* ABOUT THIS TASK *
Restate the listing below word for word, and leave its pictures behind.

GIVEN RECORDS START

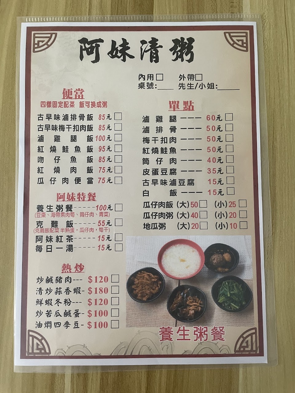 2024最新在地推薦餐廳的菜單_阿妹清粥的菜單、圖片
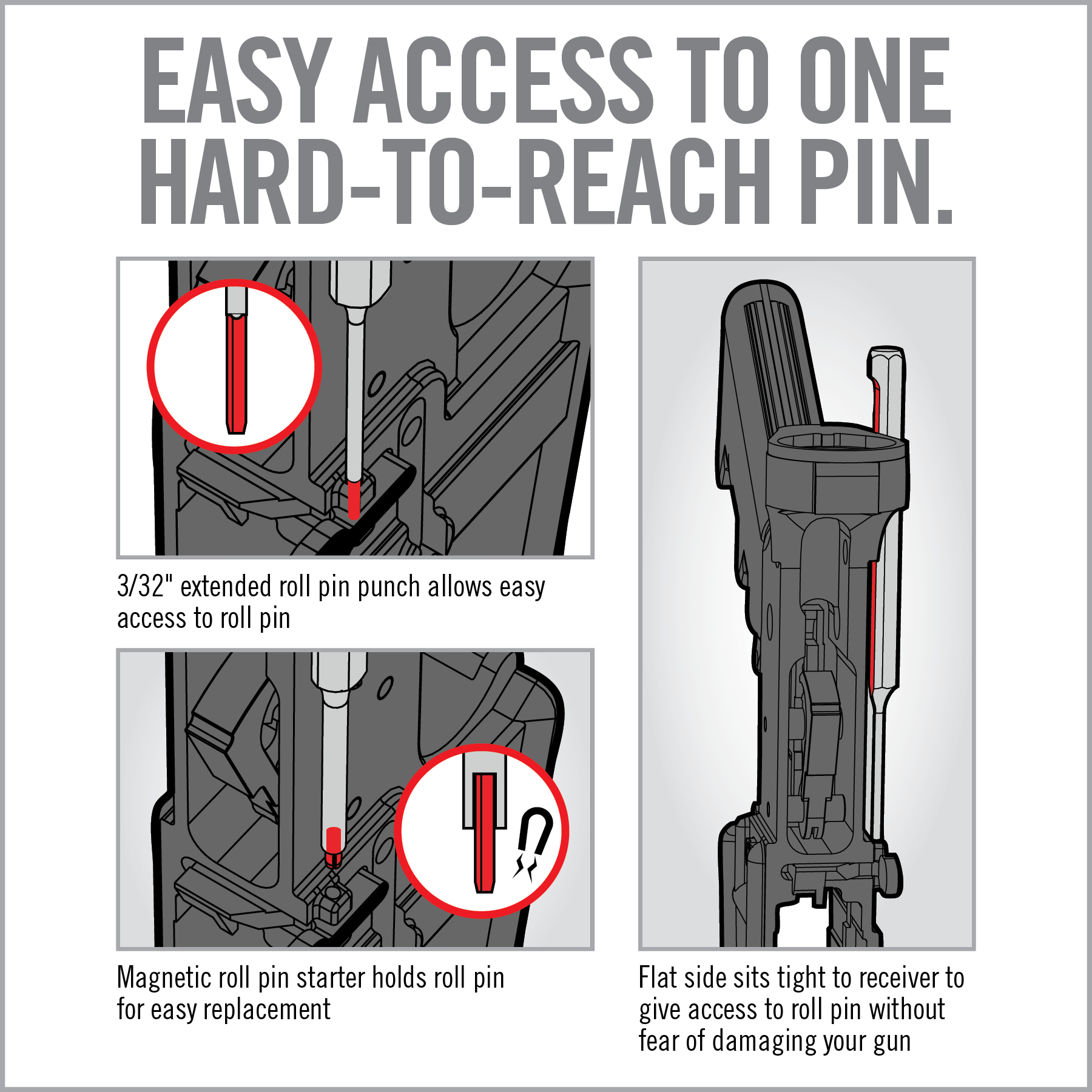 The pin’s position, its proximity to the lower receiver, and the challenge of safely starting it make standard punches ineffective. The Real Avid Bolt Catch Punch Set is designed to sit flush against the receiver without causing damage and is long enough to reach the pin. It includes a roll pin punch for pin removal and a magnetized roll pin starter punch, so you don’t need a third hand. Smart, simple, and frustration-free. Check out our other gun tools here.
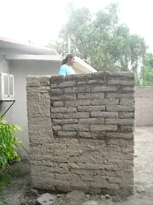 Fig 1a: We placed a thick mortar between each layer of bricks
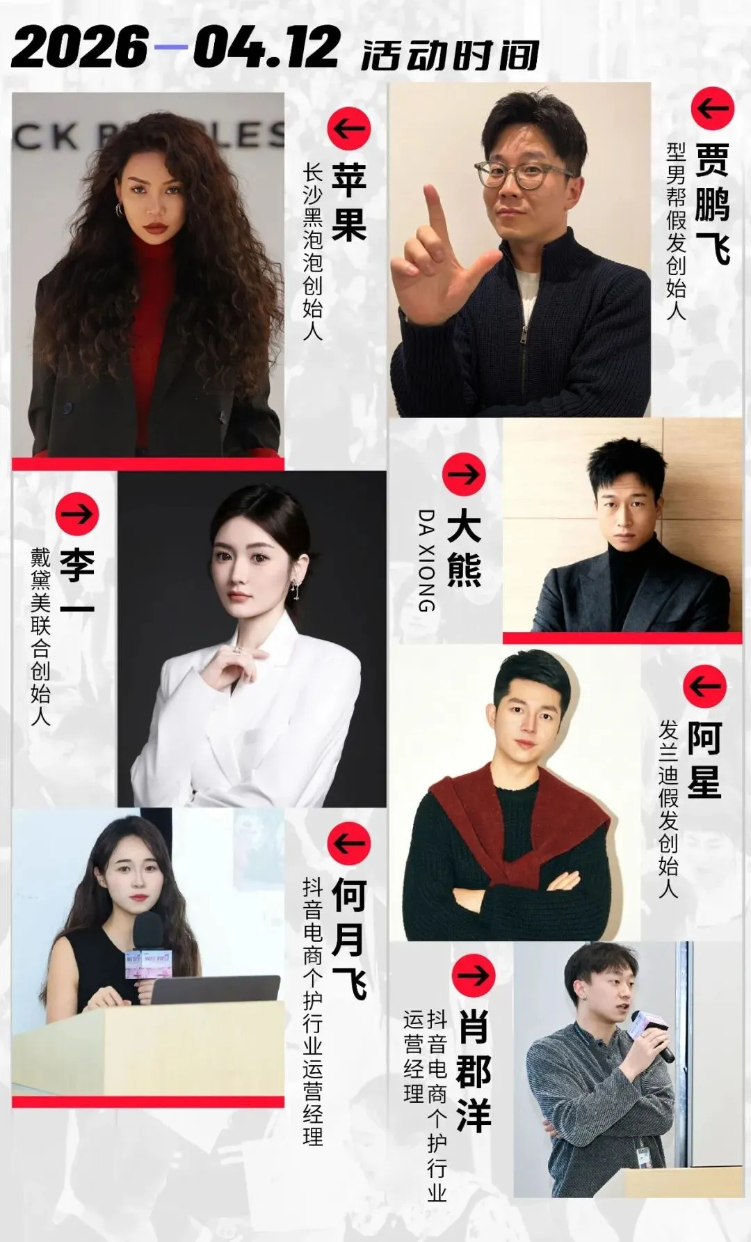 展会特邀抖音团队解读假发产业带内容电商增长新路径,汇聚戴黛美、发兰迪、型男帮、长沙黑泡泡等品牌创始人分享门店破局、数字化定制与接发全域增长实战经验,更有行业技术大咖亲授2026潮流接发技法与修剪哲学。
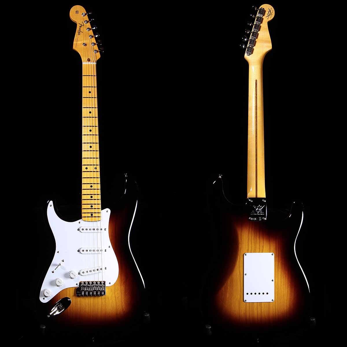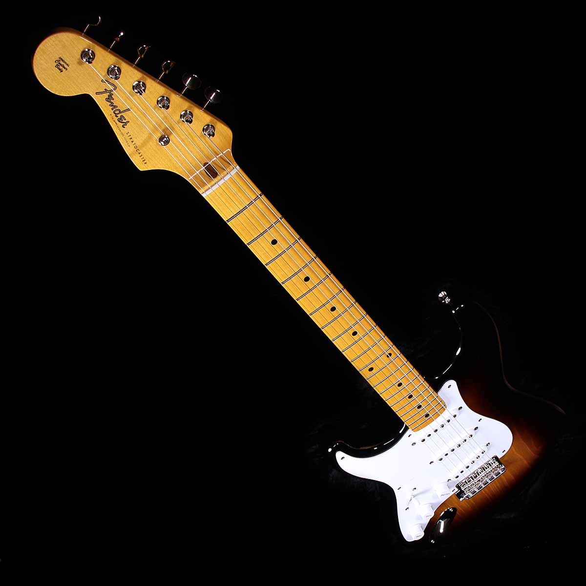 Other premium features and authentic first-year Strat® appointments include a single-ply white pickguard and serial-number back plate, 1954-style ABS white pickup covers and control knobs, Custom Shop vintage synchronized tremolo bridge, vintage-style tuners, disc string tree, special 70th Anniversary Stratocaster® neck plate, deluxe embroidered hardshell case, special “case candy” kit and certificate of authenticity.

GIVEN RECORDS END

* RESPONSE *
 2024最新在地推薦餐廳的菜單_阿妹清粥的菜單、圖片
 The pin’s position, its proximity to the lower receiver, and the challenge of safely starting it make standard punches ineffective. The Real Avid Bolt Catch Punch Set is designed to sit flush against the receiver without causing damage and is long enough to reach the pin. It includes a roll pin punch for pin removal and a magnetized roll pin starter punch, so you don’t need a third hand. Smart, simple, and frustration-free. Check out our other gun tools here.
 Fig 1a: We placed a thick mortar between each layer of bricks
 展会特邀抖音团队解读假发产业带内容电商增长新路径,汇聚戴黛美、发兰迪、型男帮、长沙黑泡泡等品牌创始人分享门店破局、数字化定制与接发全域增长实战经验,更有行业技术大咖亲授2026潮流接发技法与修剪哲学。
 Other premium features and authentic first-year Strat® appointments include a single-ply white pickguard and serial-number back plate, 1954-style ABS white pickup covers and control knobs, Custom Shop vintage synchronized tremolo bridge, vintage-style tuners, disc string tree, special 70th Anniversary Stratocaster® neck plate, deluxe embroidered hardshell case, special “case candy” kit and certificate of authenticity.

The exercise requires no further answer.